手滑誤刪了資料檔案,並且沒有可替換的節點時,先別急著提桶跑路,可以考慮利用引數 server_permanent_offline_time 來重建受影響的節點。

原理:

server_permanent_offline_time 是 OceanBase 資料庫中用於控制節點永久下線時長的引數。當叢集中的某個節點當機後,系統會根據該引數的設定值來進行相應操作。

如果節點當機時間小於該引數設定的值,系統會暫時不做處理,以避免頻繁的資料遷移;如果當機時間超過該引數設定的值,該節點被標記為永久下線,RootService 會將該 OBServer 上包含的資料副本從 Paxos 成員組中刪除,並在同 zone 內其他可用 OBServer 上補充資料,以保證資料副本 Paxos 成員組完整。該引數預設值是 3600 秒,一般設定較大,以避免不必要的副本複製。此外,當永久下線的節點重新被拉起後,其上的全部資料都需要從其他副本重新拉取。

在本場景下,即是透過調低該引數,讓故障節點快速永久下線再重新上線,達到資料重建的目的。

請注意,此過程會佔用叢集一定的資源,可能會影響效能,因此建議在業務低峰期進行。

官方建議

關於 server_permanent_offline_time 的適用場景和建議值,官方提供如下:

  1. OceanBase 資料庫版本升級場景:建議將該配置項的值設定為72h。
  2. OBServer 硬體更換場景:建議將該配置項的值設定為4h。
  3. OBServer 清空上線場景:建議將該配置項的值設定為10m,使叢集快速上線。

準備過程

預備一套環境

使用OBD工具快速部署一套3節點OB以及一個OBProxy,再建立好一個租戶sysbench_tenant,primary_zone為RANDOM。

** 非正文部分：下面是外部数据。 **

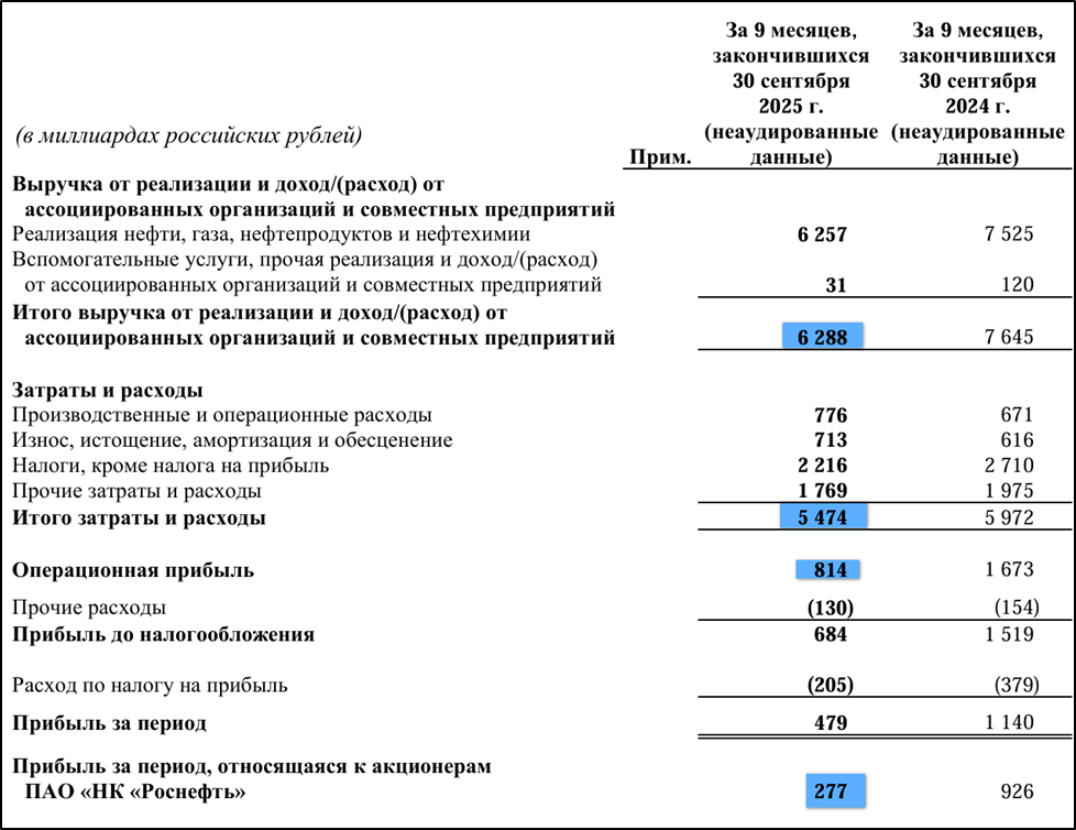 Роснефть опубликовала усеченные данные по МСФО за 9М 2025:
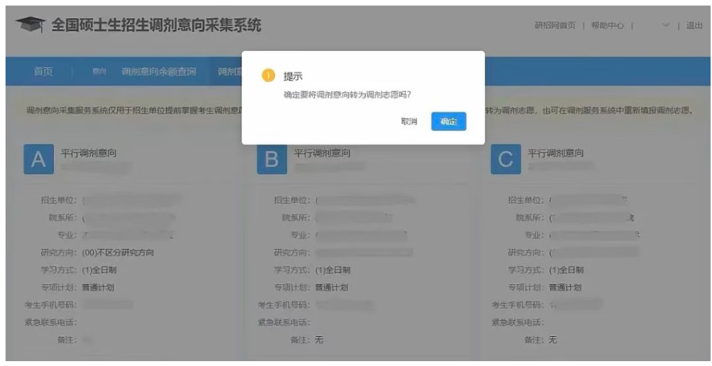 ⑤若符合条件且未超过调剂数量——成功提交调剂意向——4月8日将调剂意向转为调剂志愿——若符合条件且未超过调剂数量——调剂志愿成功填报
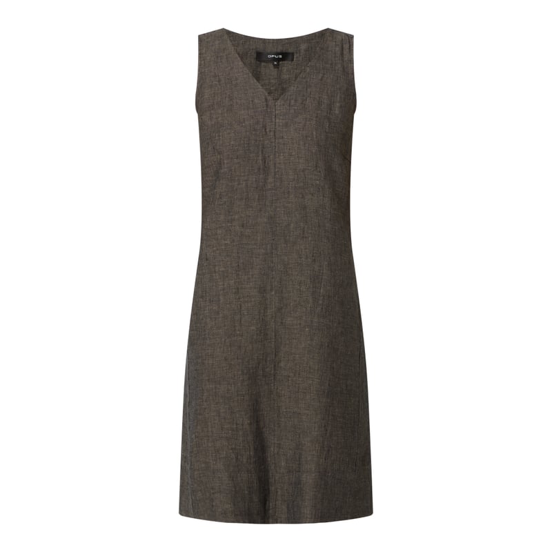 Sukienka damska OPUS, Czysty len , Krój rozkloszowany , Dekolt w serek , Boczne wpuszczane kieszenie , Długość tyłu w rozmiarze 36: 92 cm
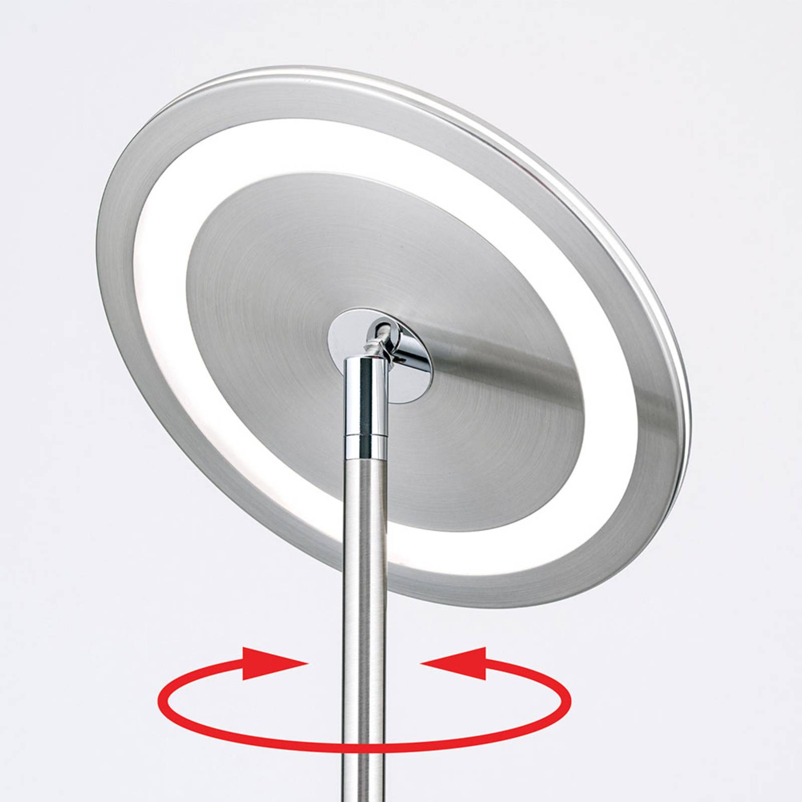 Moderna plafoniera Oscar LED con testa dell'apparecchio ruotabile e inclinabileLa plafoniera Oscar LED brilla per i suoi numerosi dettagli. Il punto più importante è la testa piatta e rotonda dell'apparecchio, che può essere ruotata individualmente e il disco inclinato lateralmente, il che conferisce alla plafoniera una speciale individualità in termini di design e di emissione luminosa. Soprattutto per questa funzionalità, Oscar non sembra essere "fisso" in nessun punto della zona giorno e notte, ma può essere spostato e riallineato più volte. L'emissione luminosa è diretta principalmente verso l'alto, con un suggestivo anello che fornisce luce anche verso il basso. Oltre alla finitura in nichel opaco, sono presenti dettagli lucidi. Si aziona tramite il dimmer a pedale sul cavo a innesto.
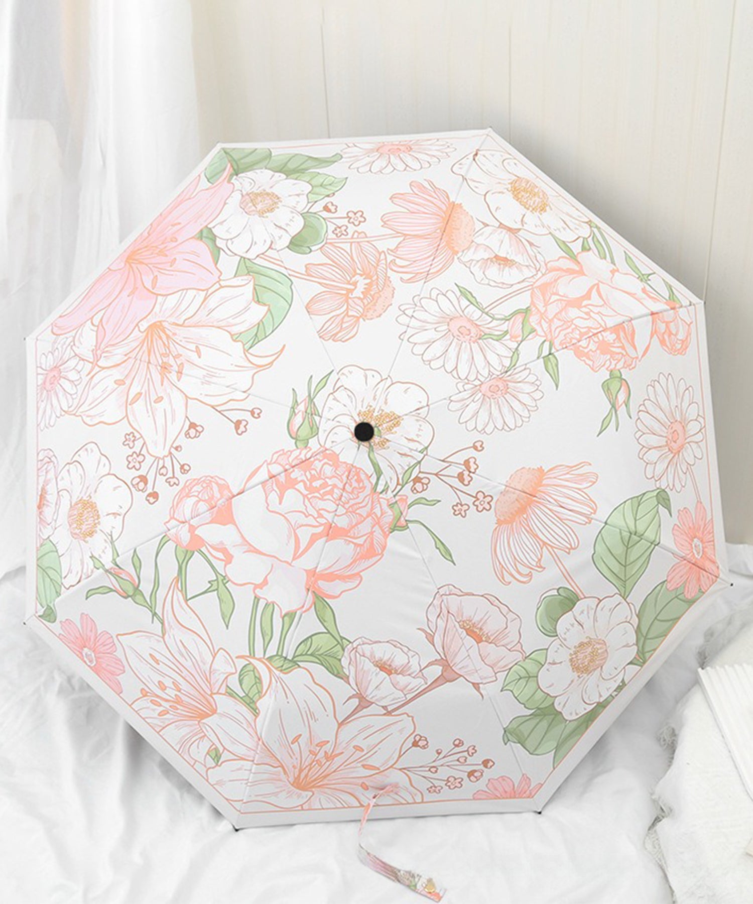 晴雨兼用 配色 フラワー 遮光 折りたたみ傘
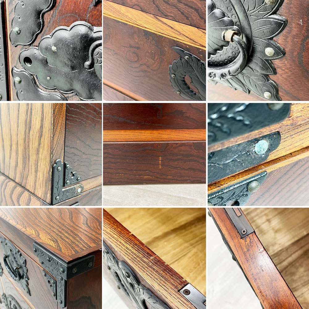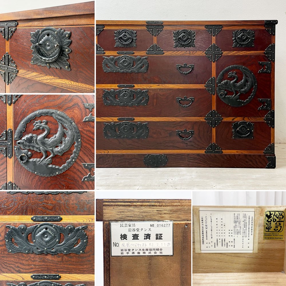 岩谷堂箪笥 鳳凰 六尺整理箪笥 ワイドチェスト 欅 拭漆 南部鉄器 伝統工芸 民芸家具 W169cm 鍵欠品 和家具 ●

注:本文基於OB 3.1.2版本,其他版本需注意另作驗證。

準備些資料

使用 sysbench 建立一個表 sbtest1 並插入1W資料。

sysbench ./oltp_insert.lua --mysql-host=10.186.60.3 --mysql-port=2883 --mysql-db=sysbenchdb --mysql-user="sysbench@sysbench_tenant"  --mysql-password=sysbench --tables=1 --table_size=10000 --threads=1 --time=600 --report-interval=10 --db-driver=mysql --db-ps-mode=disable --skip-trx=on --mysql-ignore-errors=6002,6004,4012,2013,4016,1062,5157,4038 prepare

這裡改寫了 sysbench 的建表語句,分了3個區,查詢 sbtest1 表分割槽副本分佈如下

MySQL [oceanbase]> select tenant.tenant_name, zone, svr_ip,svr_port, case when role=1 then 'leader' when role=2 then 'follower' else NULL end as role, count(1) as partition_cnt from __all_virtual_meta_table meta  inner join __all_tenant tenant  on meta.tenant_id=tenant.tenant_id inner join __all_virtual_table tab  on meta.tenant_id=tab.tenant_id and meta.table_id=tab.table_id where tenant.tenant_id=1001 and tab.table_name='sbtest1' group by  tenant.tenant_name,zone, svr_ip,svr_port, 5 order by  tenant.tenant_name, zone, svr_ip, role desc;
+-----------------+-------+--------------+----------+----------+---------------+
| tenant_name     | zone  | svr_ip       | svr_port | role     | partition_cnt |
+-----------------+-------+--------------+----------+----------+---------------+
| sysbench_tenant | zone1 | 10.186.64.74 |     2882 | leader   |             1 |
| sysbench_tenant | zone1 | 10.186.64.74 |     2882 | follower |             2 |
| sysbench_tenant | zone2 | 10.186.64.75 |     2882 | leader   |             1 |
| sysbench_tenant | zone2 | 10.186.64.75 |     2882 | follower |             2 |
| sysbench_tenant | zone3 | 10.186.64.79 |     2882 | leader   |             1 |
| sysbench_tenant | zone3 | 10.186.64.79 |     2882 | follower |             2 |
+-----------------+-------+--------------+----------+----------+---------------+

開始實驗

使用 sysbench 持續寫入資料,維持一定的流量,便於在節點重建後對比各節點資料是否一致。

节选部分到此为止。